The commissioners present at the meeting, many of whom are currently facing large and growing jail bills, said using ankle bracelets may be good for people accused of writing bad checks, failure to pay child support or other nonviolent offenses.

“We want to keep them from costing society as much as possible. They should buy their own food, find their own place to sleep,” said Phelps County Associate Commissioner Bud Dean.

“And hopefully find a job so they can make good on the bad check!” Verkamp added.

Sheffield said she still has concerns, especially with people involved in drug offenses who may continue to be involved in criminal activity if allowed back into the community even without leaving their homes or places of employment.

“It has some possibilities; I guess I am still trying to assimilate it,” Sheffield said. “It’s not always that they’re leaving, it can be the people coming to their house.”

Dean said the root of the problem is that state legislators are refusing to build prisons and forcing the counties to pay for felony-level inmates in county jails.

“If they want to be ‘tough on crime,’ then they ought to be willing to put their pocketbook up there,” Dean said. “When they put them in jail they ought to be willing to keep them there.”

Sheffield said she’s aware of the problem.

“I got the lecture by one of the breakfast places downtown about how everybody needed to be in jail and we needed to throw them all in,” Sheffield said. “As judges, you can’t go out there and say, ‘I don’t intend to put anybody in jail, I don’t think they should be in jail.’ That doesn’t play well.”

Sheffield said she happened to have a $100 bill with her that day.
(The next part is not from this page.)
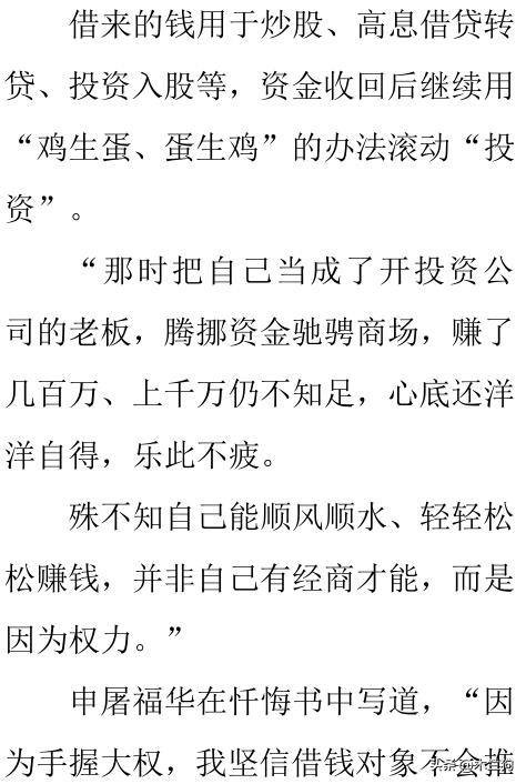 申屠福华开始利用自己手中的职权,为自己谋取利益,大肆收受企业老板和商人的财物,低价购买各种房产和别墅,到企业投资入股,通过企业去进行高息借贷。

“I threw that thing on the table and I said, ‘If we can get everybody in the community to throw $100 in, we can start people in the penitentiary as soon as we can. Everybody here at the table, come on guys, put it in,’” Sheffield said. “It was like, ‘Oh, well, we aren’t going to.’”

Texas County Associate Commissioner Linda Garrett cited a case of an ankle bracelet being used after a brief period of shock time in state prison for a first-time drunk driving offender who killed multiple people in a crash.

“The judge that did it got a lot of flak…. People just couldn’t understand,” Garrett said. “He’s been working ever since he got out, and that bracelet probably saved that kid’s life and he could start paying back to society.”

Sheffield said sentencing can sometimes be controversial.

“Sometimes we do stuff that popular opinion doesn’t always like and it comes back sometimes to haunt us but that’s part of why we have our job,” Sheffield said.

Storie agreed.

“We’re supposed to do justice, but that’s a moving target,” Storie said. “If you were the mother of those three kids, nothing short of a public hanging is justice. If you were the mother of the young man who had never been in trouble before or since he got drunk and hit the van, justice would be, ‘That was a bad boy, don’t you ever do it again,’ and turn him loose.”

Sheffield urged the commissioners present to give their input at this afternoon’s meeting, scheduled to begin about 2 p.m. in the Phelps County Courthouse.

“When J.B. King speaks this afternoon about his proposal, if you have anything to say, please feel free to jump in and say it,” Sheffield said.